Addressing the public for the first time in a week, Prime Minister Naoto Kan vowed Friday evening to do everything in his power to prevent the crisis at the Fukushima nuclear plant from escalating.
“The current situation at the Fukushima No. 1 plant is unpredictable and we are trying to prevent it from deteriorating,” Kan told a news conference at the Prime Minister’s Official Residence. “I believe we need to continue dealing with each problem with a strong sense of urgency.”
Friday marked two weeks since the catastrophic earthquake and tsunami struck the Tohoku region, claiming the lives of more than 10,000 people and leaving over 17,000 unaccounted for. The disaster also sparked a nuclear crisis after tsunami wrecked four reactors at the Fukushima plant, causing people to increasingly fear the health effects from radiation leaking from the plant.
Kan has basically shunned the media during his handling of the crisis, and Chief Cabinet Secretary Yukio Edano has instead been giving daily briefings on the nuclear emergency and Tohoku disaster response.

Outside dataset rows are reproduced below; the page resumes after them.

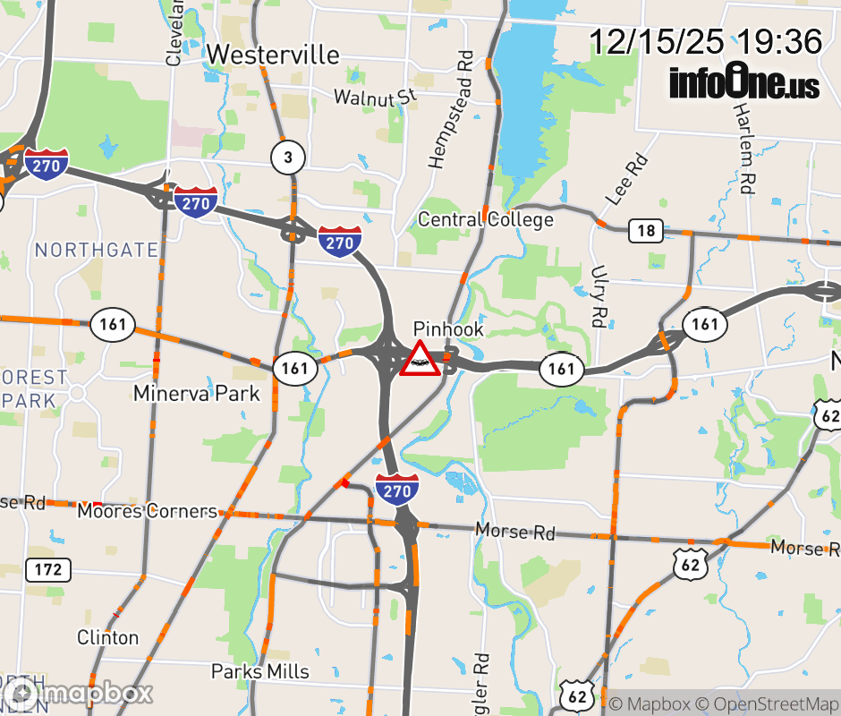 Expect lane closures on Ramp I-270 South to SR-161 East, due to a crash. Updated: Mon 12/15/25 7:36 PM EST ![]() Updated: Mon 12/15/25 7:36 PM EST |
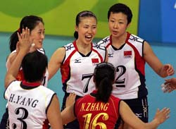 Китайская женская команда по волейболу вышла в четвертьфинал соревнований на Афинской Олимпиаде
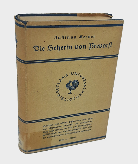 Die Seherin von Prevorst. Eröffnungen Über das innere Leben des Menschen und Über das Hereinragen einer Geisterwelt in die unsere. Verlag von Philipp Reclam jun., Leipzig o. J. [um 1910]. Kl.-8°. Mit neun Tafeln. Mit einer biographischen Einleitung von Dr. Carl du Prel. 630 S., 1 Bl. Vlgs.-Anz. OHLwd. mit OUmschlag.
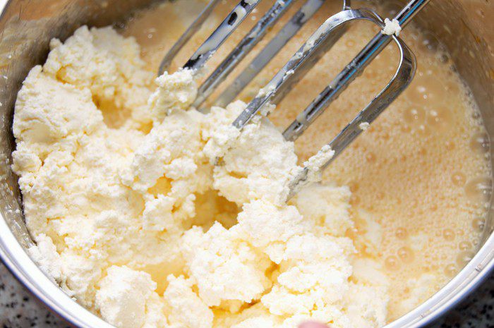Добавить к основной массе творог. Я ничего не протирала через сито. Взбить до однородности. Если где-то и останутся крупинки творога - ничего страшного.
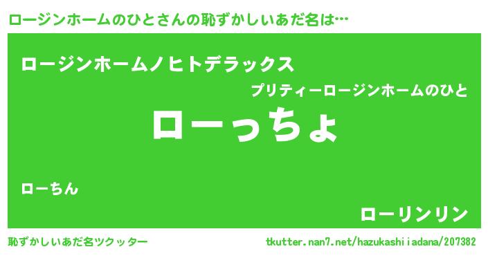 | 男性向けラノベタイトル風あだ名 | 『やはりロージンホームのひとの青春ラブコメはまちがっている 』 |
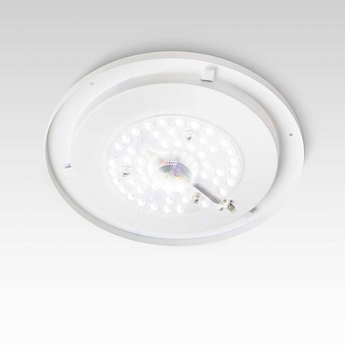 Easily repleaceable integrated led source. Indoor ceiling or wall mounted lamp with integrated LED sources and diffuse light emission.
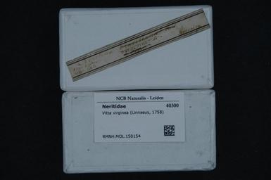 | Keywords: Naturalis Biodiversity Center - RMNH.MOL.150154 1 - Vitta virginea (Linnaeus, 1758) - Neritidae - Mollusc shell.jpeg artwork Dimensions artwork Document type Neritidae Vitta Individual count Infraspecific epithet Infraspecific rank Institution Naturalis Kind of unit artwork Kind of unit specimen shell Life stage Medium artwork Nomenclatural code Scale the width of the text on the species/QR-code label is 38 mm Occurrence ID page Other fields Other versions artwork Permission license Naturalis donation CC-0 Mollusca Publication location Scientific name Vitta virginea Linnaeus 1758 Scientific name authorship Linnaeus 1758 Source url http //bioportal naturalis nl Specific epithet virginea State or province Subject keywords artwork Subject keywords publication Title artwork Title publication Type status Uploaded with GWToolset Naturalis_Biodiversity_Center_-_RMNH MOL 150154_1_-_Vitta_virginea_ Linnaeus _1758 _-_Neritidae_-_Mollusc_shell http //medialib naturalis nl/file/id/RMNH MOL 150154_1/format/large Media donated by Naturalis Biodiversity Center Molluscs at Naturalis from the Rijksmuseum van Natuurlijke Historie Vitta virginea |
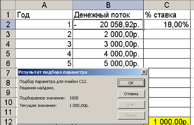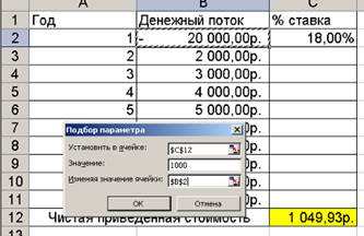9. Результат подбора параметра положительный: первоначальный взнос должен составлять 20058,92 руб. чтобы ЧПС=1000 руб. (рис.1.9):

During the news conference, Kan stressed the need to help Tohoku residents rebuild their lives, including in the areas of housing, medical treatment, education and jobs in the fishing and farming industries.

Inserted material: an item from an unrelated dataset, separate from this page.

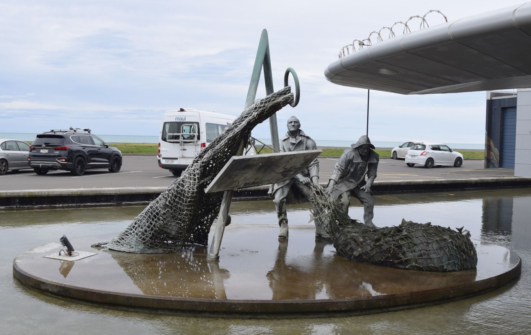 Set in a pool at the northern end of the National Aquarium of New Zealand, Marine Parade, artist Alan Strathern's sculpture, dedicated to the commercial fishermen who toil at sea, came out of a curious financial story.
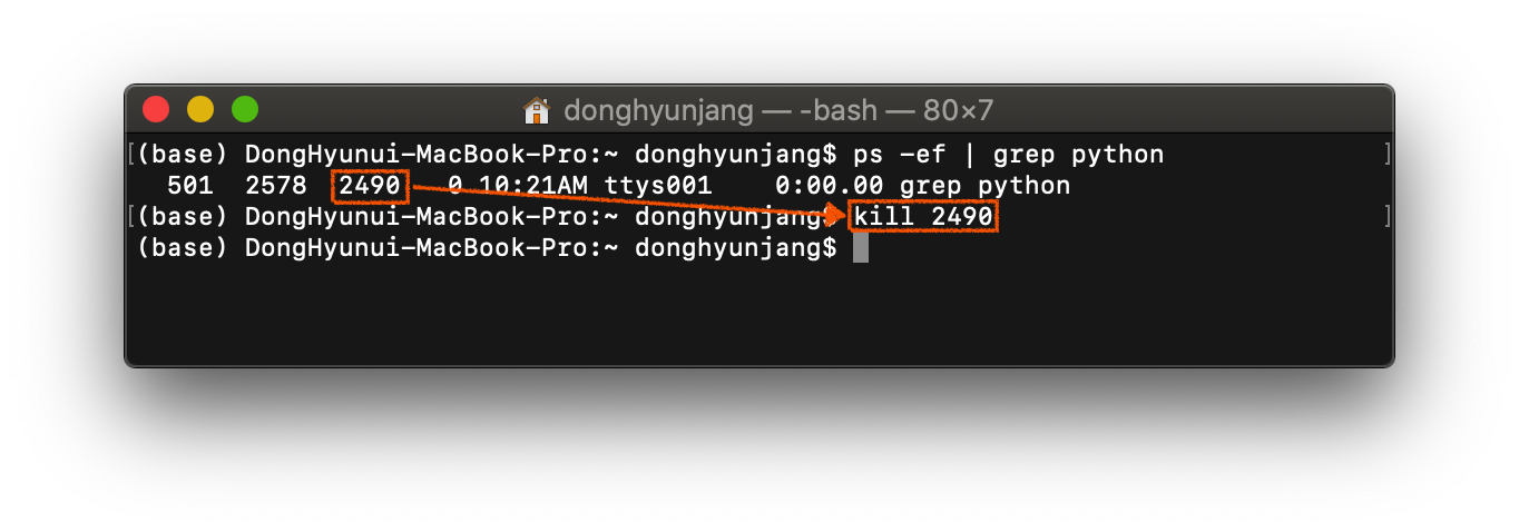 위처럼 명령어를 통해 PID 값 (주황색 네모) 을 알아내고

“From now on, we need to begin preparing for a full-scale reconstruction . . . of the region, as well as people’s lives,” Kan said.
“We shall not burden individuals or each household with the damages of the disaster — society and Japan as a whole will share the burden equally.”

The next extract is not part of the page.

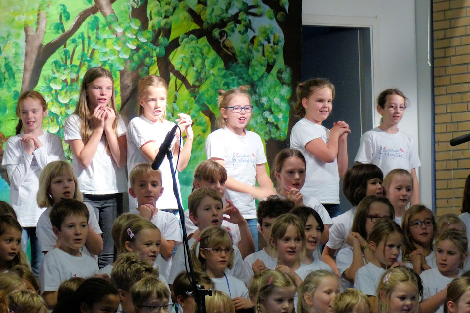 Es ist wieder soweit: Ein ganzer Haufen Erstklässler hat geschnuppert und bereits fleißig geübt, und schon geht’s rauf auf die Bühne!

Ever since the March 11 disaster, confusion and fear has spread through foreign communities in Japan as embassies temporarily closed or relocated to the Kansai region, and helped their citizens’ efforts to flee Tokyo.
But Kan said: “I think every country has their own way of thinking and is setting their own standards. We have been providing information with transparency to all nations and international organizations.”